Please note! California Department of Public Health (CDPH) has a web page with information on cottage food operations here. Your local county department of environmental health should have additional information specific to your county (or city) regarding applying for permits, fees, registration forms, and questions about specific food items. The information below is of general relevance throughout the state but each local agency may enforce the law slightly differently. We provide this information as general legal information but not as legal advice. We are not food safety experts.
The California Homemade Food Act (AB 1616) created a new category of food production called a cottage food operation, which is the only type of food business that can use a home kitchen for processing food for sale to the public in California. The types of foods that a cottage food operation can sell are limited to “non-potentially hazardous foods,” which are foods that are unlikely to grow harmful bacteria or other toxic microorganisms at room temperature. The list of foods includes:
Baked goods, without cream, custard, or meat fillings, such as breads, biscuits, churros, cookies, pastries, and tortillas.
Candy, such as brittle and toffee.
Chocolate-covered nonperishable foods, such as nuts and dried fruits.
Dry baking mixes.
Fruit pies, fruit empanadas, and fruit tamales.
Granola, cereals, and trail mixes.
Herb blends and dried mole paste.
Honey and sweet sorghum syrup.
Jams, jellies, preserves, and fruit butter that comply with the standard described in Part 150 of Title 21 of the Code of Federal Regulations.
Nut mixes and nut butters.
Vinegar and mustard.
Roasted coffee and dried tea.
Waffle cones and pizelles.
Confections such as salted caramel, fudge, marshmallow bars, chocolate covered marshmallow, nuts, and hard candy, or any
Buttercream frosting, buttercream icing, buttercream fondant, and gum paste that do not contain eggs, cream, or cream cheese.
Dried or Dehydrated vegetables.
Dried vegetarian-based soup mixes.
Vegetable and potato chips.
Marshmallows that do not contain eggs.
Other foods can be added to the list by the California Department of Public Health (CDPH).
Requirements for a “cottage food operation”
- Register with your county environmental health department (a small fee may be required), including filling out a self-inspection checklist that includes basic safe food handling practices if you plan to only do direct-to-consumer sales (including at festivals and events, farmers’ markets, through CSAs, from your home, etc.).
- Acquire a permit from your county health department that entails an annual inspection by a local health officer ONLY IF the cottage food operation will conduct indirect sales (meaning selling products wholesale, ie selling to local shops, restaurants or other third parties that are not the producer or the consumer) and pay the permitting fee which varies by county (usually fees are annual).
- Take a class and pass an exam designed by the California Department of Public Health (CDPH). Currently the generic food handler card (the card that employees working in all commercial food facilities in California must have) suffices to fulfill this requirement but CDPH may change the requirement in the future. This course is available online for $15 or less. Cottage food operators must obtain this card within three months of beginning a cottage food operation.
- Package and label all food products with the name of the product, ingredients (in order of their prevalence by weight), a list of allergens, net weight of contents (if selling by weight), county of production and registration or permit number issued by the local county health department. The address of the cottage food operation also must be on the label unless the address is in the phone book.
- Adhere to sanitary procedures outlined in the California Health and Safety Code, including washing, rinsing and sanitizing all surfaces and utensils before use in food preparation, washing hands before handling food, keeping all ingredients in sealed containers when not in use, and other such standard procedures.
Other Components of the Bill
- Cottage food products can be sold directly to consumers anywhere in California provided that the cottage food operator obtains the proper registration or permit and follows the safe food handling requirements specified in the law.

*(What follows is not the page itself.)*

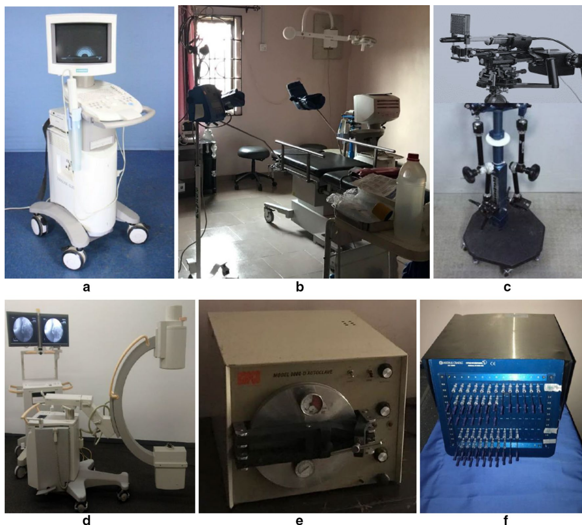
Fig. 2 Main technology components used to perform the first brachytherapy prostate implant procedures at the LA'Newton oncology Clinic, Benin City—Nigeria. A major technology component not included in the figure is the software, treatment planning system (TPS), used to calculate the dose distribution generated by the radioactive I-125 seeds

score of 4. The MRI of the prostate (unfortunately done after biopsy) showed a prostate measured 42 mm AP by 50 mm transverse by 42 mm craniocaudal in size for a calculated volume of 44 cm 3 . The post-biopsy hemorrhage limits evaluation for focal prostate carcinoma. No definitive focal suspicious signal abnormality identified in the prostate gland. Adenopathy is negative. PI-RADS category: known cancer.

- Indirect sales (eg sales through local shops, cafes and restaurants) are generally going to be limited to within the county where the food was produced, however, individual county environmental health departments may choose to coordinate with one another and allow for indirect sales of cottage food products across county lines. If you want to sell indirectly in another county, contact that county's environmental health department to inquire about their policy.
- Cottage food operations may not exceed a certain amount of gross annual revenue. The limit is currently $50,000.
- In addition to help from family or household members, cottage food operations may also have up to one full time equivalent employee. NOTE: the Homemade Food Act does not provide any exemptions to employment laws. Cottage food operators who hire employees should understand how to comply with employment law.
- There are different interpretations of the law regarding whether cottage food operators can mail products to consumers. See the Frequently Asked Questions page for more information.
- While preparing homemade food products for sale, small children and pets may not be in the kitchen (they can be elsewhere in the house). Smoking, other non-commercial meal preparation, washing clothes and other such household activities may not take place in the kitchen while “cottage food” products are being made.
- While cottage food operations are exempt from certain facility requirements in the California Health and Safety Code, cottage food operations are still generally subject to other laws affecting businesses, including tax, employment and other such laws. Please see our other general food enterprise resources available to assist cottage food operations and other small food businesses navigate some of these laws.